Stephen Bicknell (20 December 1957 – 18 August 2007) was a leading British organ builder and writer about the organ.

==Early and family life==
Bicknell was born in Chelsea. His maternal grandfather was an architect and amateur violinist, and his mother, Sally, was an amateur pianist. She married historian and former BBC executive Leonard Miall in 1975. His father was Nigel Bicknell DSO, from whom he inherited his eye for design. He was educated at Westminster School, Winchester College, and read Arts General at St. Chad's College, Durham University.

==Career==
Bicknell's career in pipe organ building started with N.P. Mander Ltd. in east London in 1979. He worked with the company's founder, Noel Mander, and his son, John Mander. One of his projects was the rebuilding of the organ in the chapel at Mill Hill School.

He left Mander Ltd. in 1987 to work for J. W. Walker & Sons Ltd in Brandon in Suffolk, where he worked on projects for Oriel College, Oxford, a one-manual chamber organ for the quire at Carlisle Cathedral, and the parish church in Kesgrave, near Ipswich. He returned to N.P. Mander Ltd. as head designer in 1990, working on rebuilding the organ in the chapel at St John's College, Cambridge, on two organs for Chelmsford Cathedral, and a four-manual mechanical-action organ Church of St. Ignatius Loyola in Manhattan. He was directly involved with the design and construction of some of the most significant recent new instruments to be built in Britain. In 1993, he left full-time organ building to pursue a varied freelance career.

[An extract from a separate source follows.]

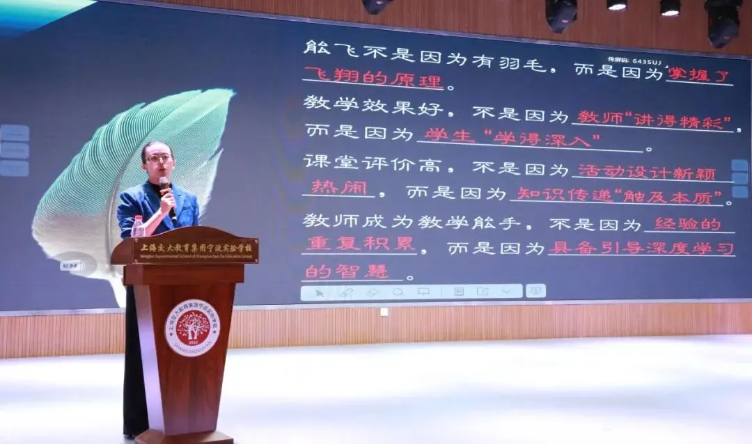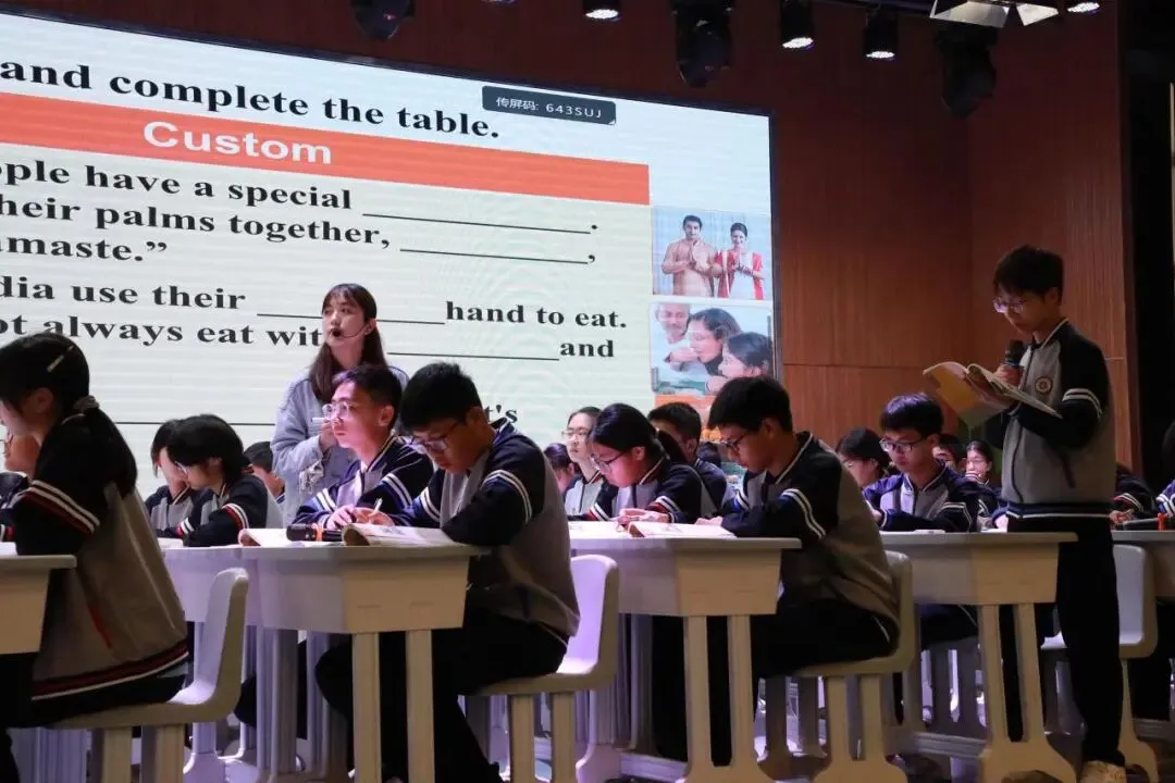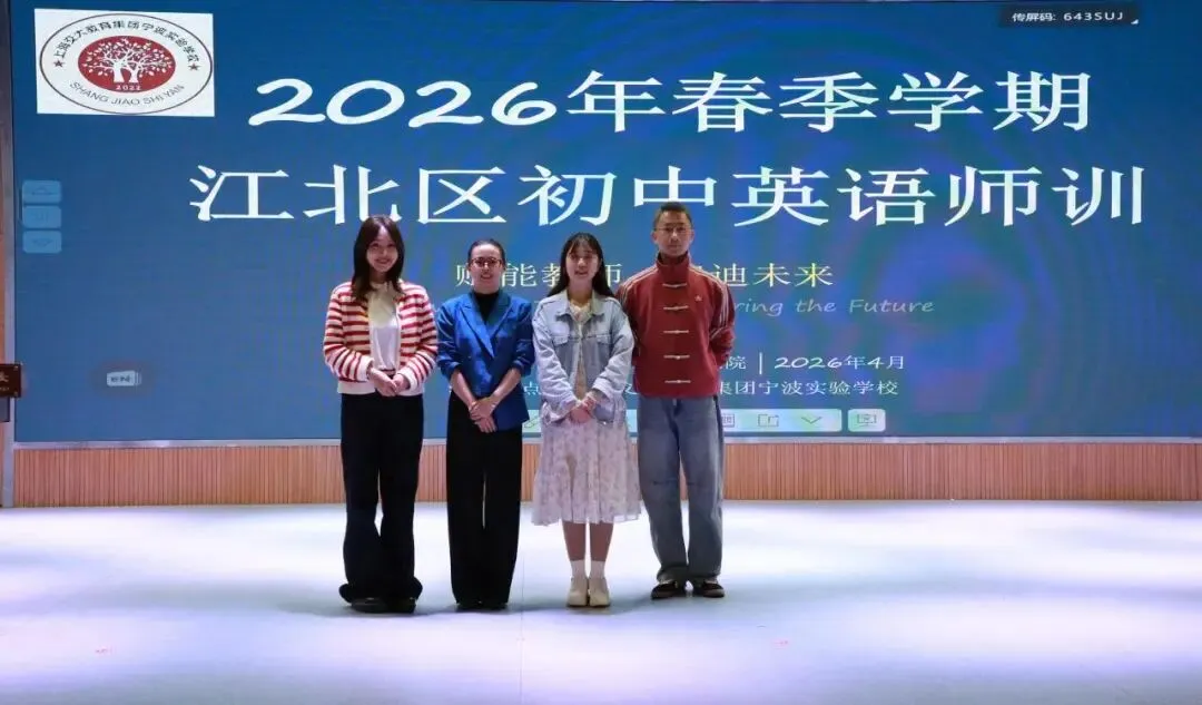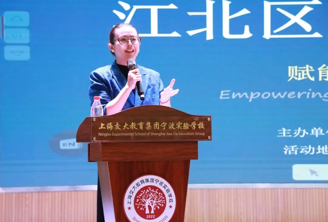 为进一步推进新教材的扎实落地,探索新技术与英语教学的深度融合,4月14日,江北区初中英语师训活动在上海交大教育集团宁波实验学校成功举行。区教研员桂华峰老师和浙师大婺州外国语学校程欢老师莅临指导。全区老师汇聚一堂,通过课堂展示与专家引领,共研教学新路径,共绘智慧教育新图景。

==Organs associated with Bicknell==
In 1986, he collaborated with his architect brother Julian Bicknell on the casework of the organ at Magdalen College, Oxford. In 1989, Bicknell surveyed the organ in the ballroom of Buckingham Palace, expressing his horror at the state of the organ. The outside appearance was fine, but the woodwork and pipes were "broken, dented and collapsing". The organ was eventually overhauled and restored in 2002. He was particularly associated with the 1993 Mander organ in Gray's Inn Chapel, where he led the team of builders, and the two 1994 Mander organs installed in Chelmsford Cathedral, which he designed.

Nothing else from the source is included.